[[ SUPPLIED DATA, beginning ]]
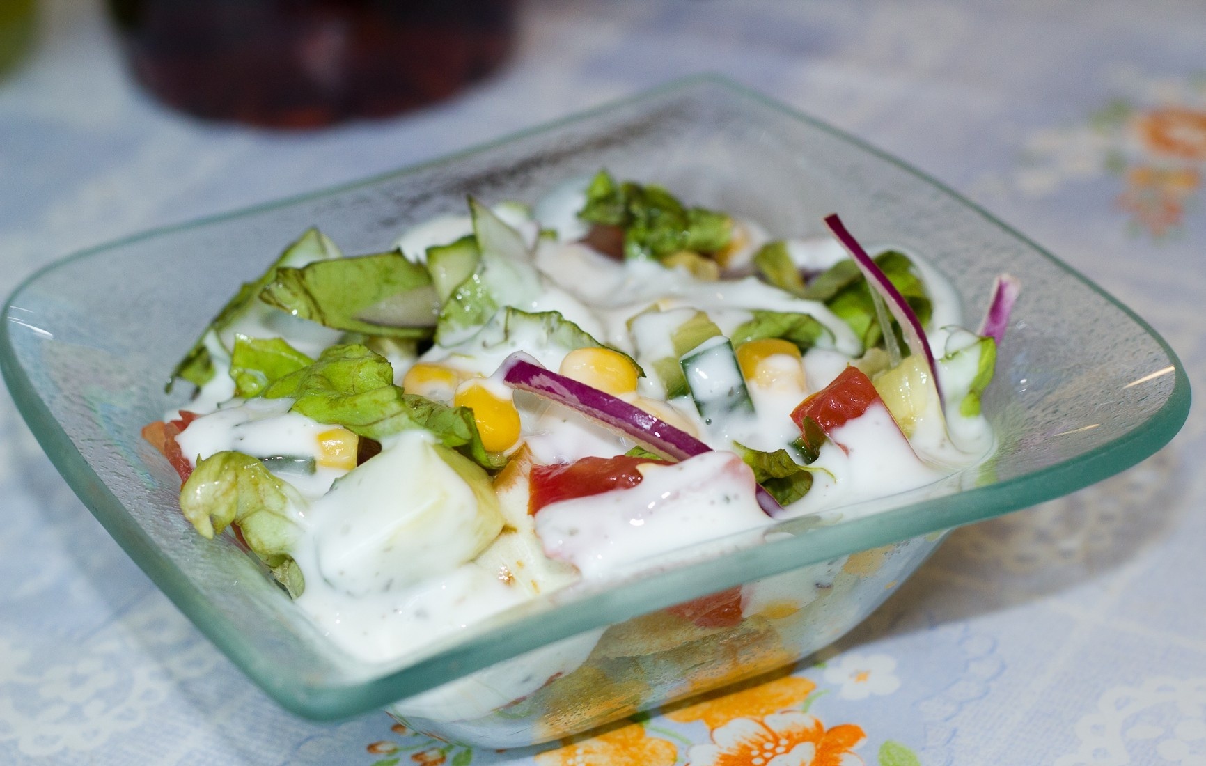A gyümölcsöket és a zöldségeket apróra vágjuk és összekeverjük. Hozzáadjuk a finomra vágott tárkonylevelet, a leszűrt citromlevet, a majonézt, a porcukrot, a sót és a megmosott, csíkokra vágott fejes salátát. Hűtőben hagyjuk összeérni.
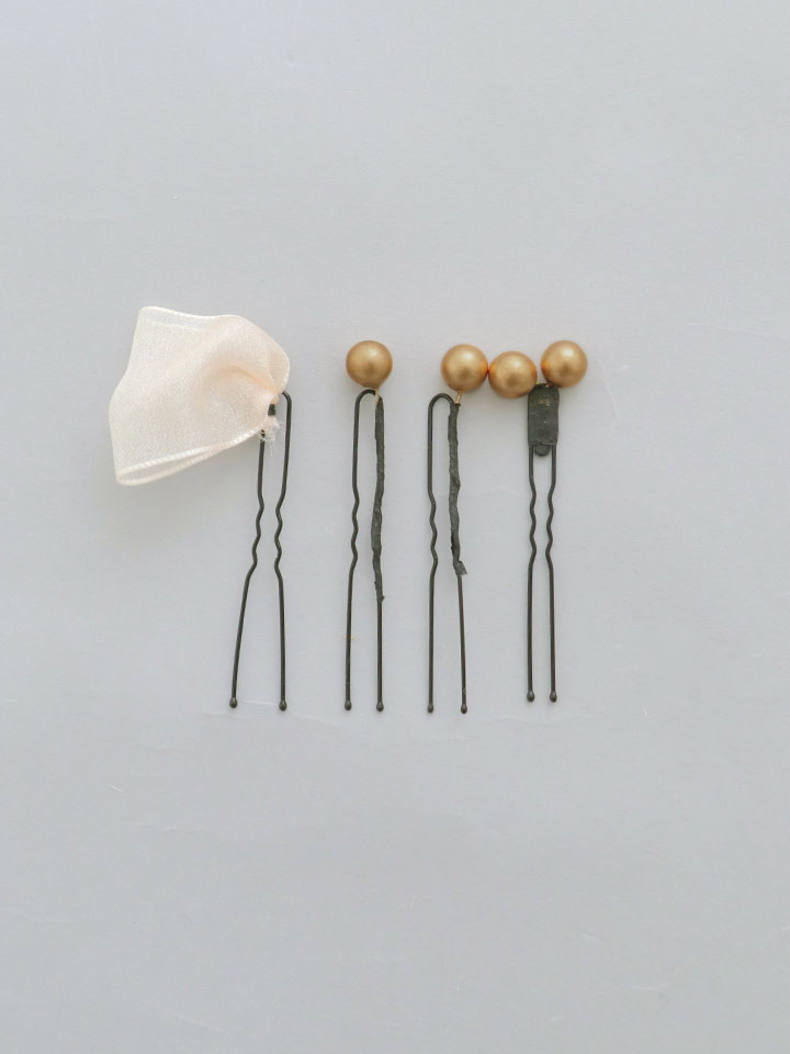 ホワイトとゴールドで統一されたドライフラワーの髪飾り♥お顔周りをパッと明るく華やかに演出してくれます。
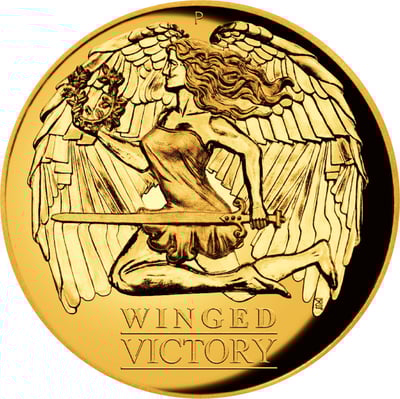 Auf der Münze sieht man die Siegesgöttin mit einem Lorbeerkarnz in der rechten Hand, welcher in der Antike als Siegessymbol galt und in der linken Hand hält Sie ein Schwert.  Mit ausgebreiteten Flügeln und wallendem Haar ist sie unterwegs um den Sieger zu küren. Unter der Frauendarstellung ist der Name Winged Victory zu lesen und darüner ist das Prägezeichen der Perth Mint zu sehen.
[[ SUPPLIED DATA, end ]]
PROBLEM
Could you copy the listing above exactly, without its pictures?

EXERCISE RESPONSE
A gyümölcsöket és a zöldségeket apróra vágjuk és összekeverjük. Hozzáadjuk a finomra vágott tárkonylevelet, a leszűrt citromlevet, a majonézt, a porcukrot, a sót és a megmosott, csíkokra vágott fejes salátát. Hűtőben hagyjuk összeérni.
 ホワイトとゴールドで統一されたドライフラワーの髪飾り♥お顔周りをパッと明るく華やかに演出してくれます。
 Auf der Münze sieht man die Siegesgöttin mit einem Lorbeerkarnz in der rechten Hand, welcher in der Antike als Siegessymbol galt und in der linken Hand hält Sie ein Schwert.  Mit ausgebreiteten Flügeln und wallendem Haar ist sie unterwegs um den Sieger zu küren. Unter der Frauendarstellung ist der Name Winged Victory zu lesen und darüner ist das Prägezeichen der Perth Mint zu sehen.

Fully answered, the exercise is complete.